# D10 Emitter Swap



## Tekno_Cowboy (Jan 27, 2009)

I wasn't quite satisfied with the tint of my Nitecore D10, so I decided to swap the emitter to a Cree Q3-5A. Here's how I did it.

Click to view larger images.

I removed the ring with a 90 degree pick:




Then I removed the pill by lifting the driver with a pick, and then using a needlenose pliers to turn the pill out. I had previously broken the pill loose; it had been glued in.







I removed the LED it came with with my Hakko 936. I've pulled apart several LED pills/drop-ins lately, and excessive thermal grease seems to be a common occurrence. 
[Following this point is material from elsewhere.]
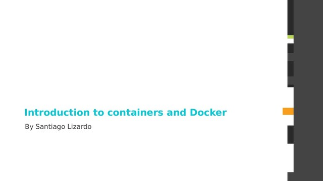 language • Client - Server (deamon) architecture • Union file systems (UnionFS: AUFS, btrfs, vfs etc) • Namespaces (pid, net, ipc, mnt, uts) • Control Groups (cgroups) • Container format (libcontainer)

I cleaned off the old thermal grease and applied a thin coat of Arctic Silver 5 to the back of the LED's PCB. 




I soldered the negative lead to the negative terminal, and took some measurements:
Off: about 100mV
Min: 4.12V at .3mA
Max: 3.89V, 500-625mA
I got an unusual reading when measuring the current at max. From cold, I got about a 500mA reading, which very quickly rose to 575mA, then slowing down over the course of 10 seconds as it rose to 625mA before I removed the test leads. If anyone has any idea what might cause this, please let me know.

After I was done with my measurements, I finished soldering the led:




I added a small amount of Arctic Silver to the threads to improve heat transfer, and reassembled the light. I made sure to clean up the excess and relube the light before using it.

The light seems to work fine, and the tint is just right: Smack dab in between my Surefire 9P(with P90 bulb) and my Wolf-Eyes Raider(with a R2-WC LED). 

If I can get a hold of some Teflon insulated wire, I might swap the wires as well. You can see how the insulation is starting to melt away from the conductor.

Since I already removed the led, I plan to toss the LED the D10 came with into a pill, and use that for side by side comparative beamshots. Beamshots to come


----------



## copperfox (Jan 30, 2009)

*Re: D10 Emiiter Swap*

Cool! What size (mm) is the white PCB you put in?

Is the reflector removable?


----------



## Tekno_Cowboy (Jan 30, 2009)

*Re: D10 Emiiter Swap*

The reflector screwed out easily once I removed the plastic insulating disk.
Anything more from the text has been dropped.